Well, why not fight superstition with superstition?

We put a new mattress topper on our bed yesterday. Our old one was falling to bits. This new one has ridges in it - like " the ribbed sea sand. "  I don't suppose it's really going to do anything wonderful for our poor, old, battered spines and hips but it will disguise- as the old one did- just how cheap and saggy the mattress is.

"Ribbed sea sand". I love that image. It's one of Wordsworth's nifty, little contributions to The Ancient Mariner. Wordsworth and Coleridge are one of the great, artistic partnerships- like Lennon and McCartney- with Dorthy W off to the side in the George Harrison role.

The romantic era made a big deal out of the single, isolated, artistic genius, standing- like Byron's Manfred- on an alpine  crag above the world.  Actually it was never really like that. Art is social. Even lonely, romantic artists have patrons, teachers, wives, friends, disciples, assistants, rivals.  The coming together of Coleridge and the two Wordsworths produced better work than any of them managed after the group broke up. So who was Ringo, then? Maybe de Quincey was Ringo.
 
The best art of the present age is collaborative. I'm talking about TV now- which is even more collaborative than cinema.  Take the Wire, for instance. It's the 21st century equivalent of Middlemarch or War and Peace- and yet it doesn't have a single author- or auteur. Hundreds of very talented people- writers, directors, actors, technicians- have collaborated on it, subsuming their individual quirks in a common vision. You'd think this way of working would produce something evened-out and anonymous, but it doesn't. The Wire has abundant character. But whose?
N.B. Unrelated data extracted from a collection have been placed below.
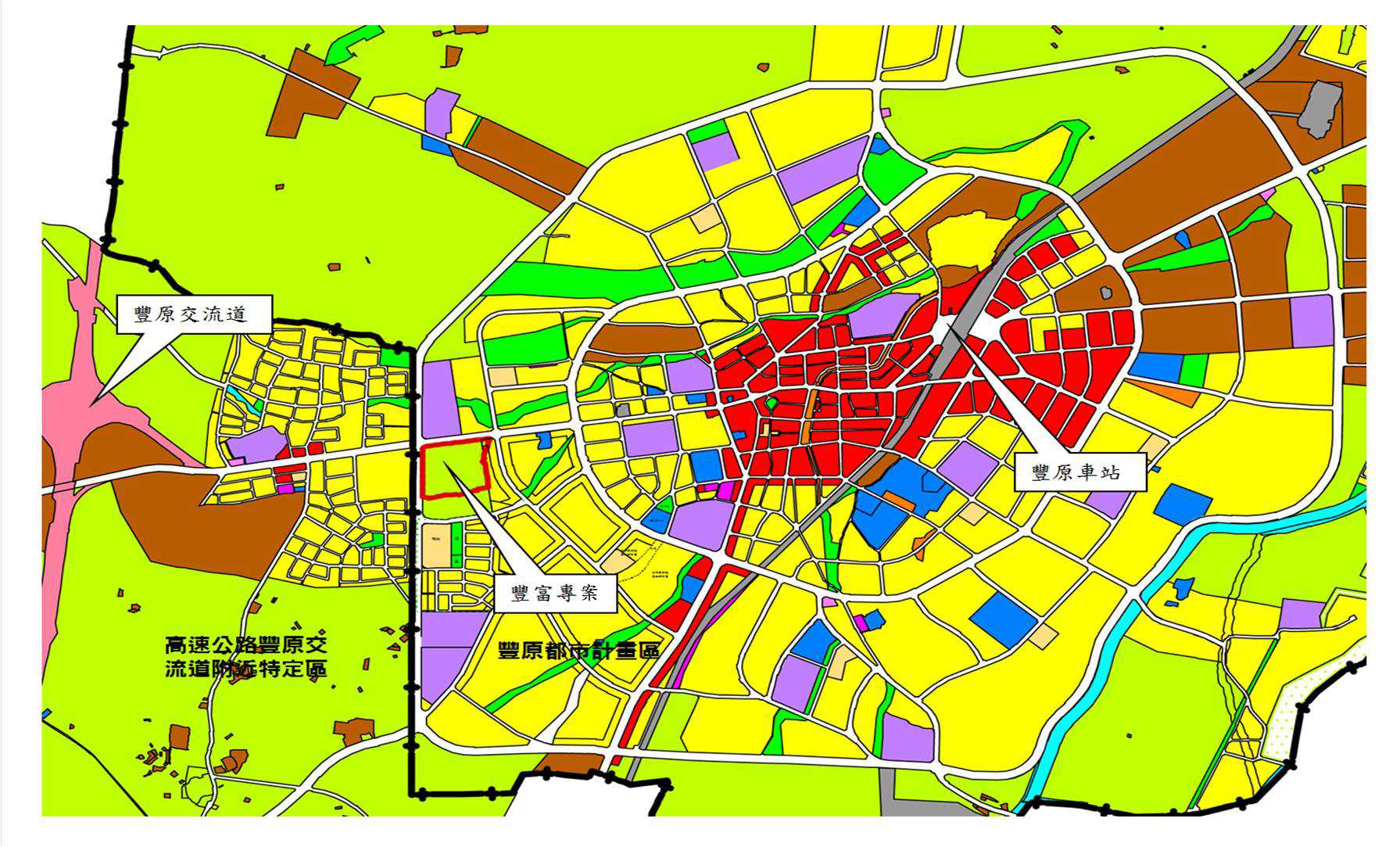 都發局說明,豐富專案係為因應中央「愛台十二建設」之「產業創新走廊計畫」,開發主要導入金融後臺服務產業進駐,包括金融企業辦公、人才培訓中心、金融客服中心、資訊服務業、大專商學金融教學設施及附屬商業設施等,並設置面積0.58公頃的多功能運動中心,可帶動地方就業、生活、休閒,型塑豐原新門戶。
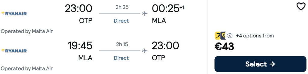 ZBOR: București -> Malta, Preț dus-întors 43€/pers, 3-9 Mai 2026
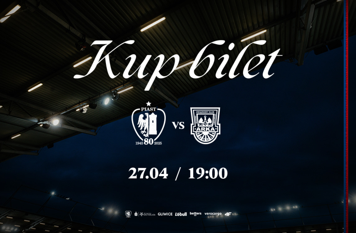 Trwa sprzedaż biletów na mecz 30. kolejki PKO Bank Polski Ekstraklasy, w której Piast Gliwice zagra przed własną publicznością z Arką Gdynia! To spotkanie zostało zaplanowane na poniedziałek, 27 kwietnia na godzinę 19:00.
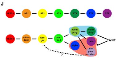 體外分化方法的最終目標(biāo)是為糖尿病患者提供源自多能干細(xì)胞的β細(xì)胞而不是移植胰島。然而,應(yīng)該注意到,目前實(shí)施的醫(yī)療方案涉及全胰島移植,而不是單獨(dú)的β細(xì)胞。事實(shí)上,移植單細(xì)胞類型無法確定是否能夠重新獲得整個胰島的功能。因此,致力于在體外產(chǎn)生完整的胰島比純粹的β細(xì)胞群更有意義。文章嘗試在體外單細(xì)胞水平產(chǎn)生胰腺內(nèi)分泌細(xì)胞的方法。作者通過scRNA-seq產(chǎn)生了一個無偏的大數(shù)據(jù)集,這使得能夠表征所產(chǎn)生的各種細(xì)胞類型,它們的分化時間以及鑒定影響細(xì)胞命運(yùn)的分子途徑。長遠(yuǎn)來看,精細(xì)調(diào)整祖細(xì)胞與內(nèi)分泌命運(yùn)的時間和平衡的能力可用于控制α和β細(xì)胞之間的比例,并促進(jìn)具有適當(dāng)細(xì)胞組成的胰島的體外形成。
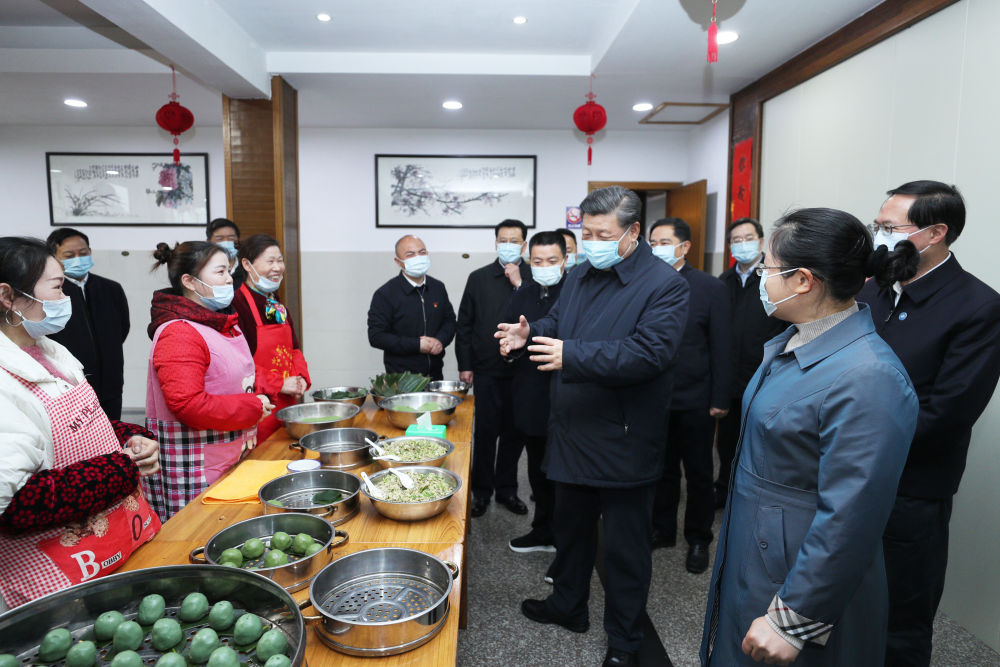 ↑2020年3月30日,习近平在浙江湖州市安吉县天荒坪镇余村了解农家乐经营和特色农产品销售情况。

Maybe we're getting back to the way things were in the Middle Ages. Maybe the era of the solitary genius is over. The medieval cathedrals are the most awesome art works ever created,  but- as Orson Welles points out in F for Fake- they're unattributable- the creation of many, many people and nobody in particular.  

Ailz has gone off to hit the sales with Ruth, so I have most of my lucky day to myself. I intend to spend it doing a righteous amount of housework. We'll see.